Challenged by uncertain outcomes in the aftermath of triumph in a race war, a landslide mandate for elected dictatorship and a packed rubber stamp parliament the patient long term project of the Left and Liberal alternative has to be patient pluripotent mobilisation; I have borrowed the word from modern genetics. Every mammal starts as a single cell which multiplies into a small group of embryonic stem cells, pluripotent cells with the potency to develop into livers, kidneys, muscles – even the evil brains of fascists. The pluripotent re-education and conscience building tasks facing the independent left and democratic liberals needs patience; they must hang in for the long haul. It has to be pluripotent in that there will be a variety of challenges not now foreseeable and response must be imaginative and flexible.
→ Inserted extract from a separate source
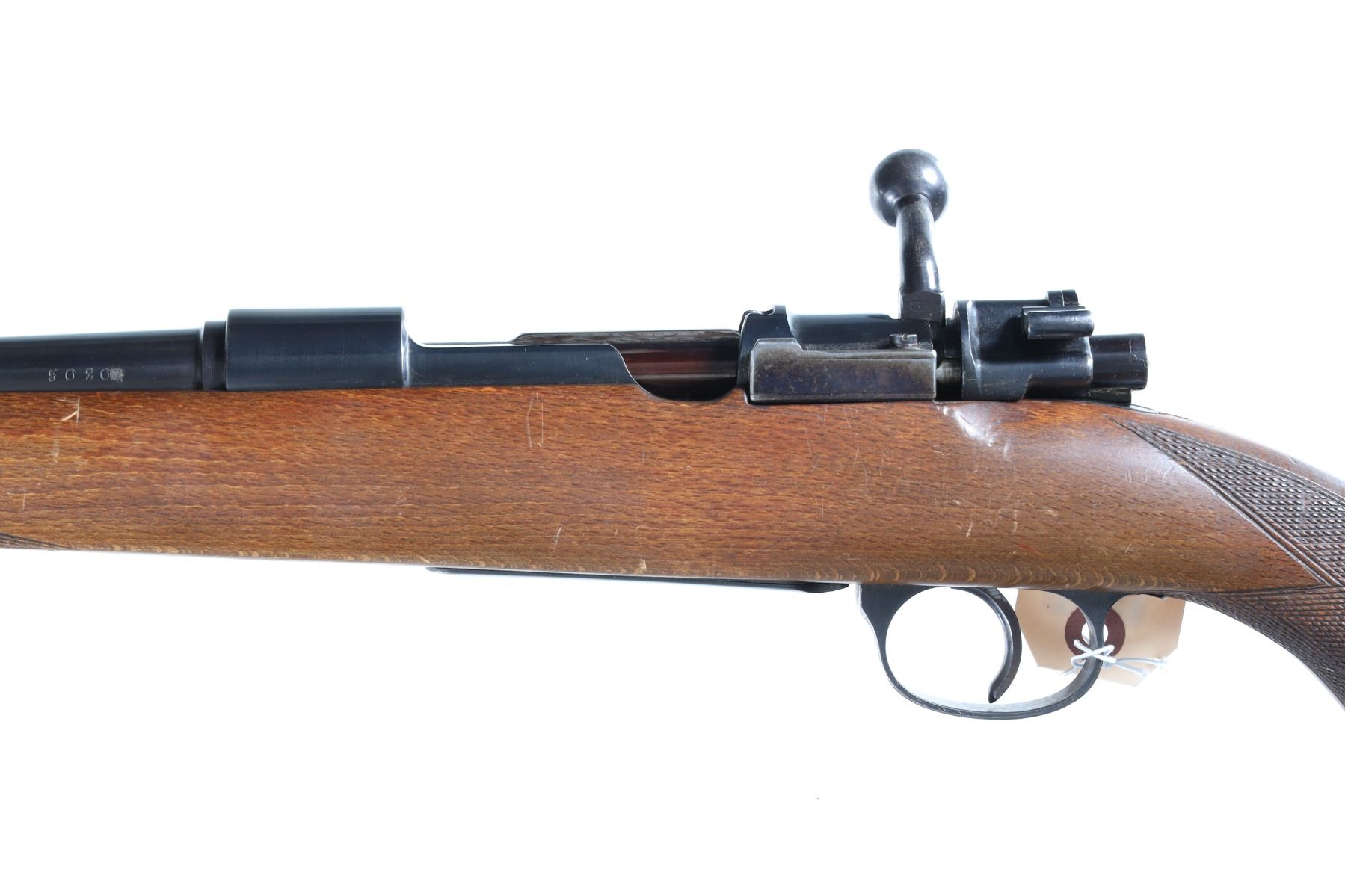 8mm Serial # 5020 Swedish Husqvarna Large ring 98 Mauser action sporter with commercial marked Husqvarna Bbl, marked KAL 8MM. Checkered pistol grip stock with 7/8" sling swivels and commercial Husqvarna plastic butt plate. Metal surfaces rate excellent, handling marks to wood.. Mechanically excellent. C&R Barrel 24" C&R

An organisation calling itself the Coffee Party movement has appeared in the USA in opposition to the wacky Tea Party movement. It is an interesting group had has already gathered a following of 200,000 fed up with the nutters, racists and reactionary dinosaurs who characterise the American far right. What is interesting is that the Coffee Party is a de novo example of pluripotent political consciousness building and grass roots mobilisation. Not aggressive mobilisation in the sense of street warfare but rather raising people’s awareness, and encouraging the concerned and the willing to intervene. The keywords of the Coffee Party are “coming together of concerned, intelligent citizens who are tired of angry rhetoric” and “all political persuasions joining in a spirit of equanimity to discuss the nation’s problems” (Newsweek 3 May 2010).

Of course an America based model cannot be copied for Lanka but in a very broad way there is something to think about; how to take a step back and understand caciquism, how to take a long view to pluripotent cooperation of concerned citizens of all persuasions. I am convinced that the time has come to discard dated ideological garments and spurn obsolete organisational mantras that we have been slaves to for half a century; time to think afresh, time to think lateral.